Cet argument est écarté par la Cour de cassation qui précise qu’il « résulte de l’article L. 228-11, alinéa 3, du code de commerce, que seules les actions privées de tout droit de vote sont prises en compte pour le calcul du plafond de la moitié du capital social ». Encore une fois, il s’agit d’une interprétation littérale, certes stricte, de la loi qui ne vise aucunement les actions assorties d’un droit de vote dérisoire.

Enfin, toujours pour obtenir la nullité des dispositions statutaires litigieuses, les mêmes ayants-cause avancent un nouvel argument fondé sur la manière dont on peut régulariser la procédure des avantages particuliers : l’irrégularité de la procédure de vérification des avantages particuliers ne peut être couverte que par une assemblée générale à laquelle le bénéficiaire ne peut participer. Aussi, estiment-ils qu’en admettant la régularisation de la procédure de vérification des avantages particuliers par une simple signature d’actes par tous les actionnaires, la Cour d’appel a violé les articles L. 225-8 et L. 225-10 du Code de commerce.

Or, comme le rappelle la chambre commerciale de la Cour de cassation, ces deux dispositions ne s’appliquent que dans les sociétés anonymes constituées par appel public à l’épargne en vertu de l’article L. 225-12 du Code de commerce.
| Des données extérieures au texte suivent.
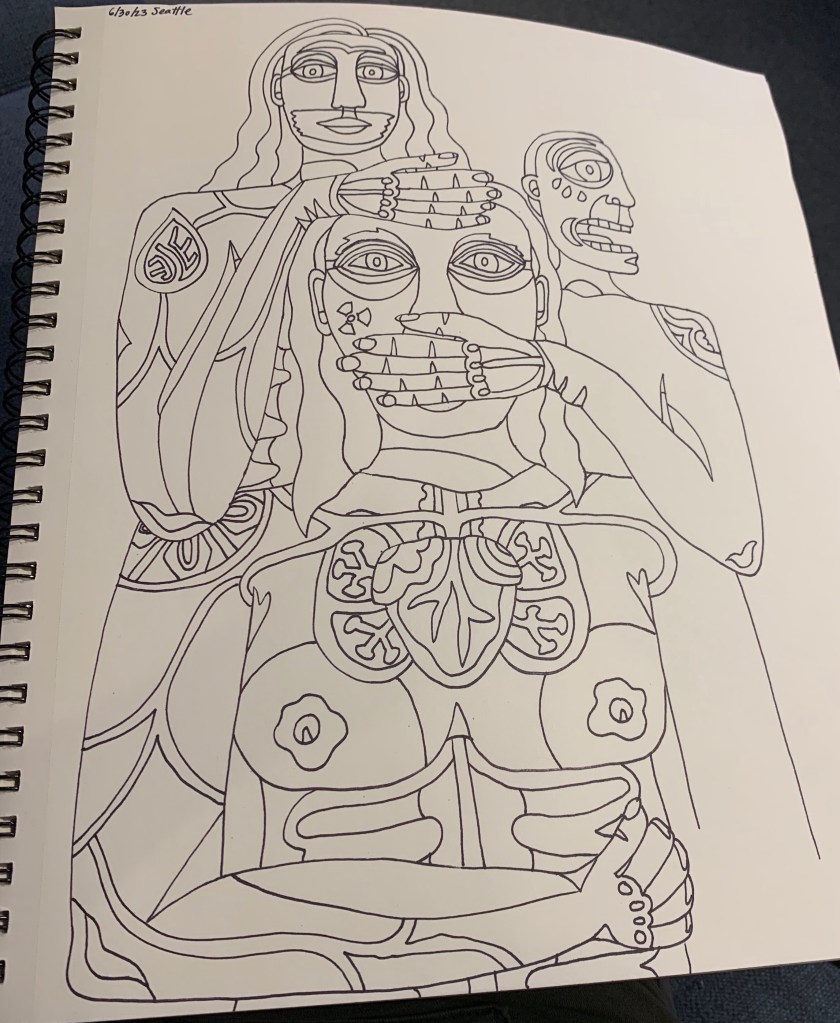 Still in Seattle. Trying to be relaxed and all. Apparently I suck at that. If you know me, you know that already. I have been drawing…at first, just a little bit every day, just because there wasn’t time. But after everyone left, there was more time. And normally I would have written yesterday, but I’m off. No clue what day it is.

En l’espèce, le litige concerne une SAS qui, en application de l’article L. 227-2 du même Code, ne peut procéder à une offre au public de titres financiers ou à l’admission aux négociations sur un marché réglementé de ses actions. Aussi, « il en découle que les dispositions des articles L. 225-8, alinéa 3, et L. 225-10 du même code, visés au moyen, applicables aux seules sociétés anonymes constituées par appel public à l’épargne en application de l’article L. 225-12 de ce code, ne sont pas compatibles avec les dispositions particulières régissant les sociétés par actions simplifiées. Elles ne sont en conséquence pas applicables à ces dernières ». Une assemblée générale n’est donc requise que dans les sociétés offrant au public ses titres.

« Dura lex sed lex ». Les différents pourvois sont rejetés et l’arrêt rendu par la Cour d’appel de Basse-Terre confirmé.